It’s Spring

Open Season on Blewits

I’ve been stuck indoors for a week, so today, when I got outside, not even the gray skies could dampen my mood. The air was soft, and though not exactly what I would call warm, it seemed to caress, not chafe. Everywhere I looked, some new evidence of spring was in view. A rhododendron had burst into bloom; the tender buds on the weeping willow were creating a pale green haze around the tree; and all those winter-flowering shrubs and trees-like camellias, tulip magnolias, plums, and peaches-were clothed in delicate shades.

My favorite moment came, though, when I found a scattering of blewits (Lepista nuda). These tasty mushrooms are so distinctive that once you’ve seen them, you will feel confident in harvesting them whenever they appear. Their caps may be pale lavender or a slightly deeper hue, but when you cut the stems, they are definitely purple, just a shade lighter than that vivid crayon. This unique characteristic is fool-proof.

Blewits grow in many habitats wherever there is abundant organic matter in and on the surface of the soil. They can be found side-by-side with chanterelles (now coming across some of those would have really made my day!) under oaks and brambles, as often as in pine forests or under cypress. Today’s harvest was from under palm trees, of all things, but growing in a very spongy layer of mulch. I have even found them growing out of the cracks between bricks on a dry-laid path.

Not only are blewits lovely to look at, they have a deep, earthy fragrance. If harvested before the gills (the very thin blades of flesh that form the underside of the caps) dry, they are moist and meaty. Use them as you would any mushroom; sauteed in butter and garlic, sliced on your pizza, or added to sauce for pasta.
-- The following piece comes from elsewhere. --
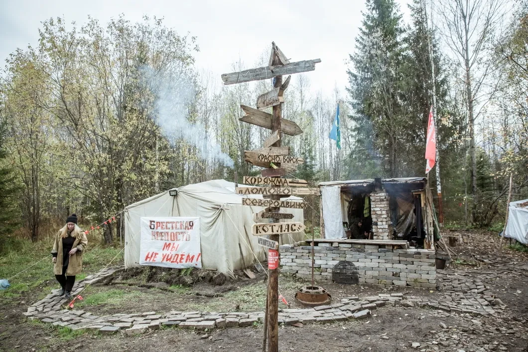 Чуть глубже в лесу пару месяцев назад вырос пост «Брестская крепость». В июле на месте заброшенного поселка Шиес, от которого осталось только несколько остовов домов, нашли колодец с питьевой водой. В поселке жили рабочие, занимающиеся лесозаготовкой, и их семьи. Когда в 70-х годах работы на этом участке закончились, людям пришлось уезжать. Поскольку колодцем не пользовались с тех самых пор, активистам пришлось долго вычерпывать из него всю воду и убирать грязь со дна. Очистив колодец, люди организовали пост: они опасаются, что иначе сотрудники ЧОПа смогут лишить их источника питьевой воды, специально испортив его.

Once you have identified a source, check back frequently. Harvesting seems only to encourage more mushrooms to sprout from the underground fungus. If you are at all unsure if your mushrooms are blewits, please find a seasoned ‘shroom hunter to confirm your find before eating them.

March Tips

  • Prune fuchsias, leaving only two or three nodes to grow into next season’s blooming branches.
  • If you don’t want to rely on the limited varieties of plants available from nurseries, start your select tomato, pepper, and eggplant seeds indoors for planting next month.
  • Watch for aphids and snails, the first really bad pests to find tender new spring growth.
  • Check mulch levels; a lot of decomposition happened even during the cool winter months.